** ACTIVITY **
Starting with the line that includes "暗挖车站上半断面位于粉土层和粉质粘土层, 下半断面位于细砂层, 底板以下为厚", write out every remaining line of the records below exactly as it appears, leaving out any images.

** TASK INPUT **
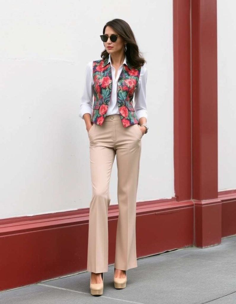 Make a statement with a colorful printed vest layered over a neutral blouse, matched with flared trousers in this vibrant vest outfit for women. The retro appeal of flared pants adds an element of drama and style, while the print injects personality into the overall appearance. Finish with platform heels for a bold and fashionable ensemble.
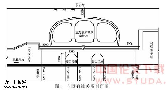 暗挖车站上半断面位于粉土层和粉质粘土层, 下半断面位于细砂层, 底板以下为厚 4.0 m 的卵石圆砾层、厚 2.2 m 的粉土层、厚 3.7 m 的细中砂层、厚 7.0 m的卵石圆砾层。即既有隧道上半断面位于卵石圆砾层, 下半断面位于粉土和细中砂层, 底板以下为细中砂和卵石圆砾层。潜水含水层为既有隧道上半断面所处的卵石圆砾层, 承压水含水层为既有线隧道下半断面所处的细中砂层。
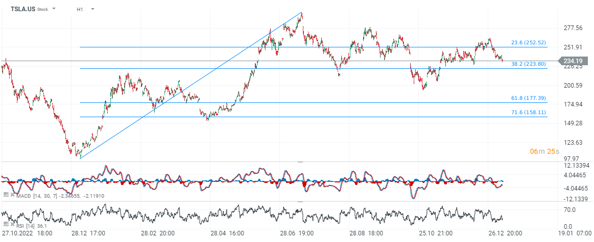 Tesla (TSLA.US) è il titolo con le performance peggiori tra le BigTech di oggi, e possiamo vedere che potrebbe essere dovuto a stime di range più basse dopo che le autorità di regolamentazione statunitensi hanno modificato le regole sui test dei veicoli. Il produttore di veicoli elettrici ha abbassato le stime sull’autonomia di guida della sua gamma di auto. Le autorità di regolamentazione statunitensi spingono le case automobilistiche a riflettere accuratamente le prestazioni delle auto nel mondo reale.
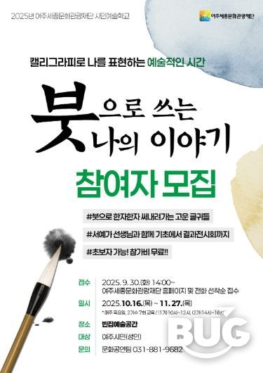 부울경문화뉴스 관리자 기자 | 여주세종문화관광재단은 오는 10월 16일부터 두달간 여주시민을 위한 문화예술교육 프로그램인 시민예술학교 '붓으로 쓰는 나의 이야기'를 진행한다.
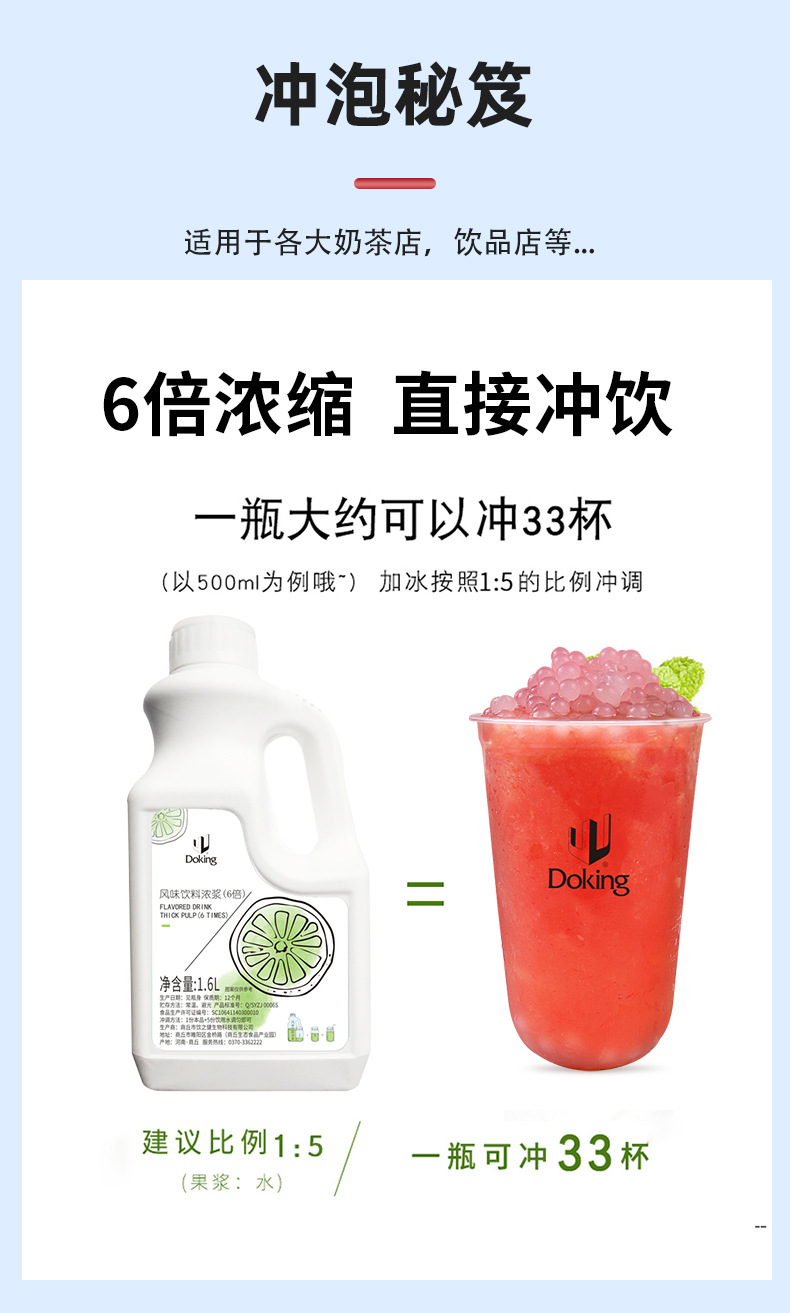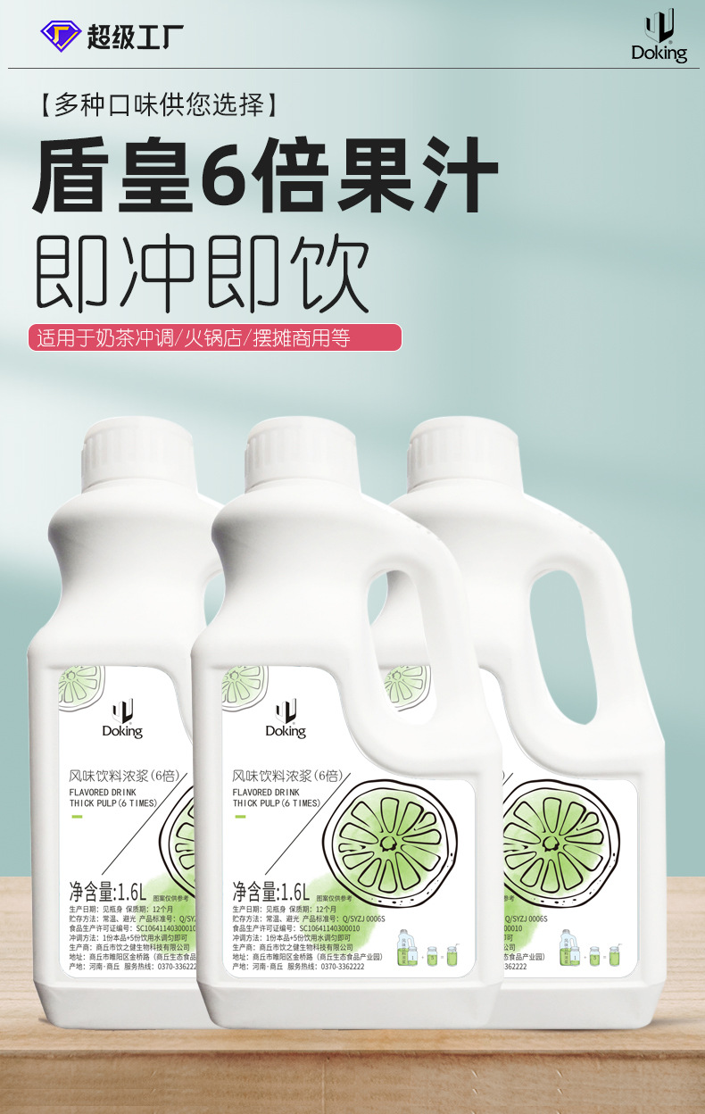 Dunhuang 6 Times Concentrated Juice 1.6L Passion Fruit Kumquat Lemon Juice Willow Orange Juice Drink Juice Milk Tea Wholesale
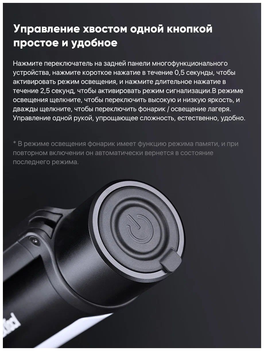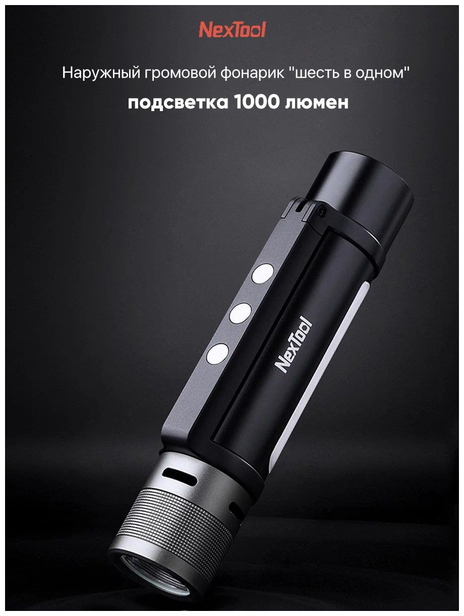 Дальность светового потока Xiaomi NexTool Natuo Outdoor 6-in-1 Thunder Flashlight Black Hortable может достигать 240 метров. Режимы освещения отвечают любым потребностям: яркий (1000 люменов), средний (180 люменов), нозкий (40 люменов), режим SOS.
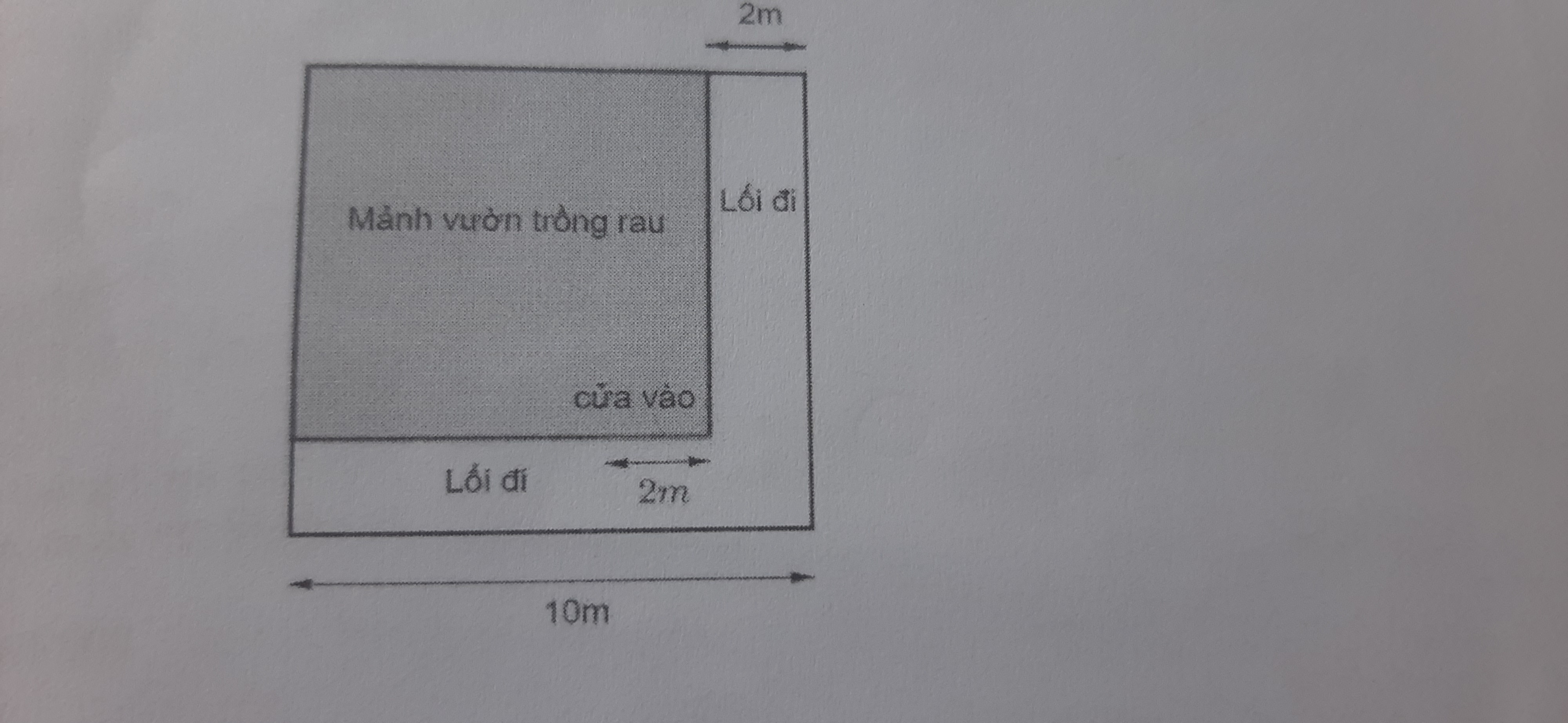 Độ dài cạnh mảnh vườn trồng rau hình vuông là: 10 – 2 = 8m
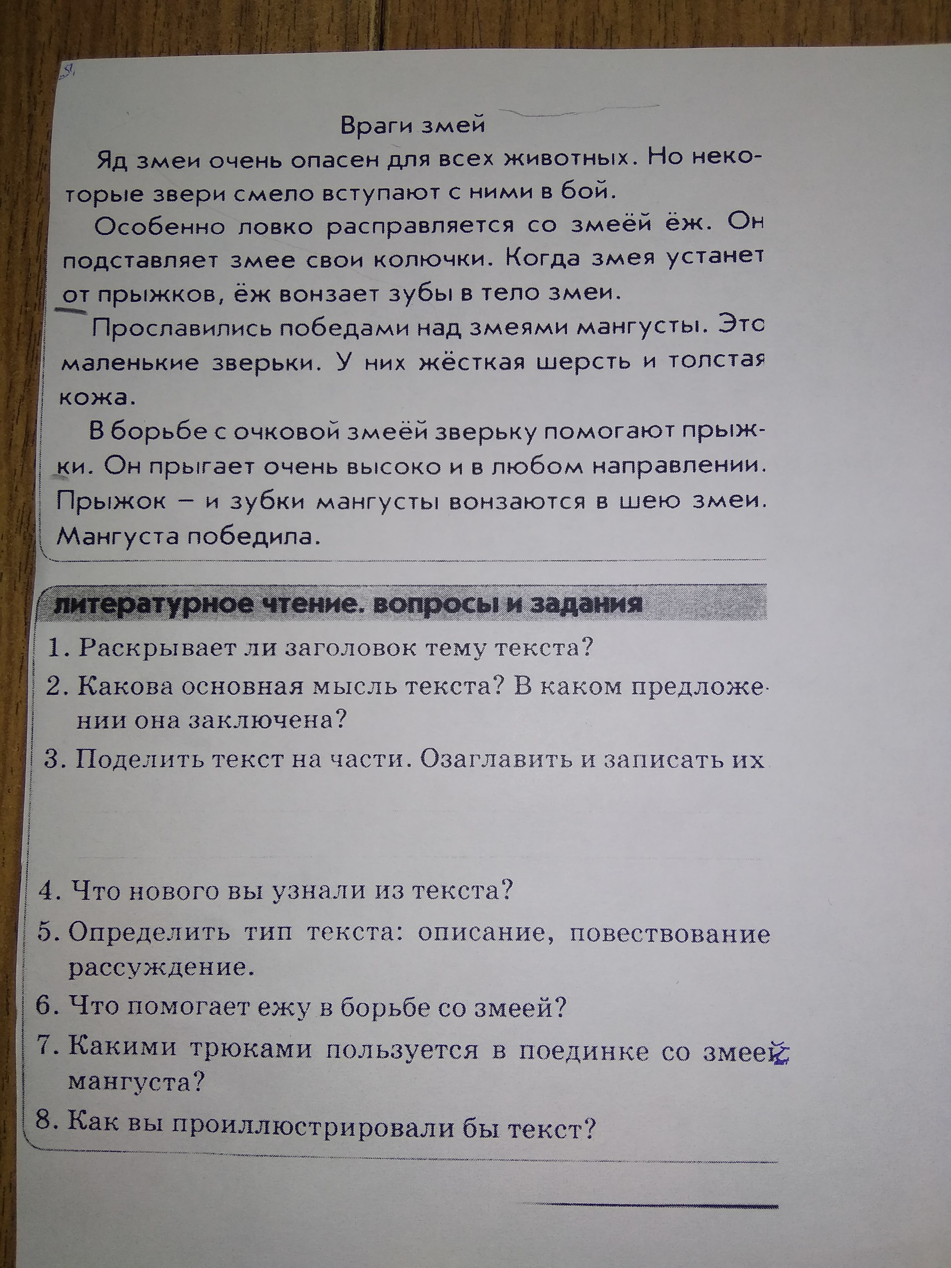 8. Нарисовал(а) бы 2 картинки, одна с борьбой ежа, а другая с борьбой мангуста.
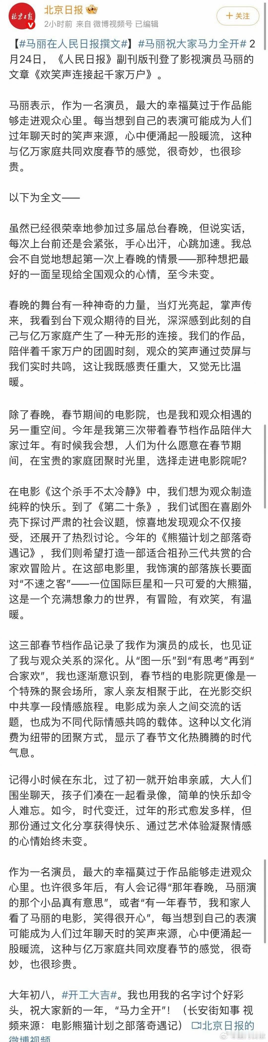 演员马丽人民日报撰文马丽在人民日报撰文 国民喜剧人的温柔剖白!紧张是因为珍视,蜕变源于用心。马丽见证了春节档的变迁,也成为了无数家庭的快乐记忆。大年初八,收下这份正能量,新一年我们一起“马力全开”!
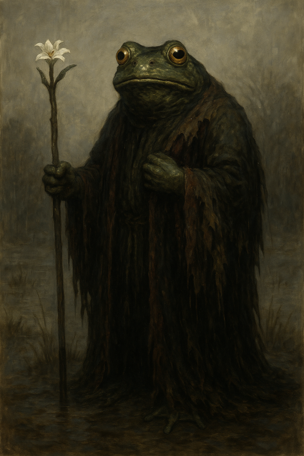 There are whispers in the mire of a humanoid frog, cloaked in velvet and regret. He appears just before the ground softens, before the words fade, before you remember what you’ve lost. This is no dream-frog or idle hallucination, but the living echo of a deeper power:
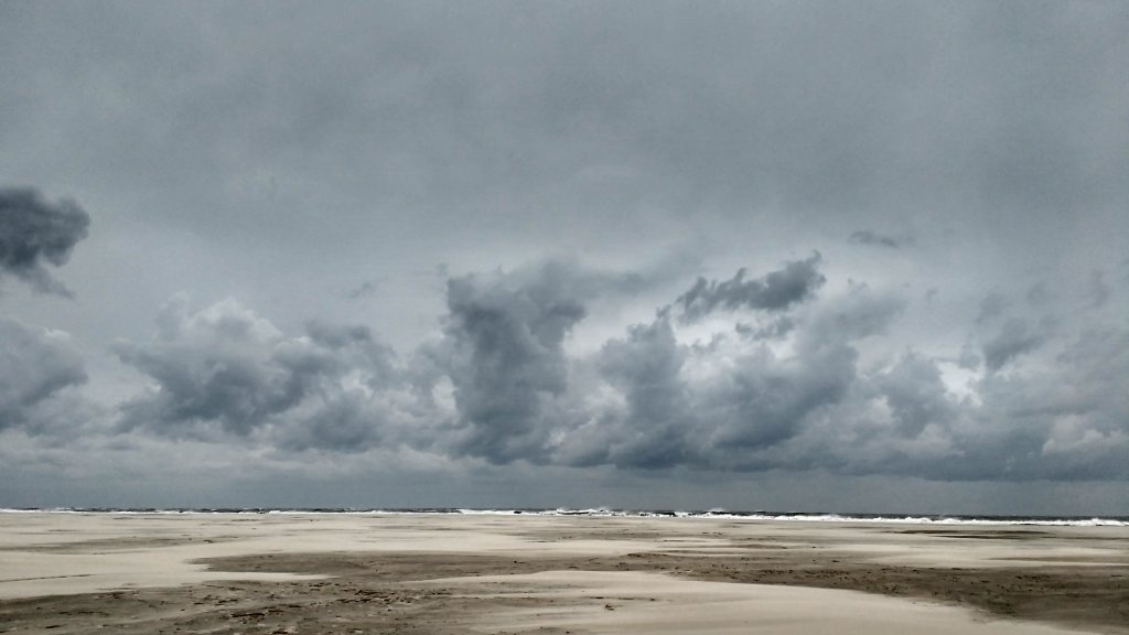 Aber es war absolut fantastisches Wetter. Guck dir diese Wolken an!! Und all die Nuancen von Grau in Himmel, Wolken, Meer und Strand!

** SOLUTION **
 暗挖车站上半断面位于粉土层和粉质粘土层, 下半断面位于细砂层, 底板以下为厚 4.0 m 的卵石圆砾层、厚 2.2 m 的粉土层、厚 3.7 m 的细中砂层、厚 7.0 m的卵石圆砾层。即既有隧道上半断面位于卵石圆砾层, 下半断面位于粉土和细中砂层, 底板以下为细中砂和卵石圆砾层。潜水含水层为既有隧道上半断面所处的卵石圆砾层, 承压水含水层为既有线隧道下半断面所处的细中砂层。
 Tesla (TSLA.US) è il titolo con le performance peggiori tra le BigTech di oggi, e possiamo vedere che potrebbe essere dovuto a stime di range più basse dopo che le autorità di regolamentazione statunitensi hanno modificato le regole sui test dei veicoli. Il produttore di veicoli elettrici ha abbassato le stime sull’autonomia di guida della sua gamma di auto. Le autorità di regolamentazione statunitensi spingono le case automobilistiche a riflettere accuratamente le prestazioni delle auto nel mondo reale.
 부울경문화뉴스 관리자 기자 | 여주세종문화관광재단은 오는 10월 16일부터 두달간 여주시민을 위한 문화예술교육 프로그램인 시민예술학교 '붓으로 쓰는 나의 이야기'를 진행한다.
 Dunhuang 6 Times Concentrated Juice 1.6L Passion Fruit Kumquat Lemon Juice Willow Orange Juice Drink Juice Milk Tea Wholesale
 Дальность светового потока Xiaomi NexTool Natuo Outdoor 6-in-1 Thunder Flashlight Black Hortable может достигать 240 метров. Режимы освещения отвечают любым потребностям: яркий (1000 люменов), средний (180 люменов), нозкий (40 люменов), режим SOS.
 Độ dài cạnh mảnh vườn trồng rau hình vuông là: 10 – 2 = 8m
 8. Нарисовал(а) бы 2 картинки, одна с борьбой ежа, а другая с борьбой мангуста.
 演员马丽人民日报撰文马丽在人民日报撰文 国民喜剧人的温柔剖白!紧张是因为珍视,蜕变源于用心。马丽见证了春节档的变迁,也成为了无数家庭的快乐记忆。大年初八,收下这份正能量,新一年我们一起“马力全开”!
 There are whispers in the mire of a humanoid frog, cloaked in velvet and regret. He appears just before the ground softens, before the words fade, before you remember what you’ve lost. This is no dream-frog or idle hallucination, but the living echo of a deeper power:
 Aber es war absolut fantastisches Wetter. Guck dir diese Wolken an!! Und all die Nuancen von Grau in Himmel, Wolken, Meer und Strand!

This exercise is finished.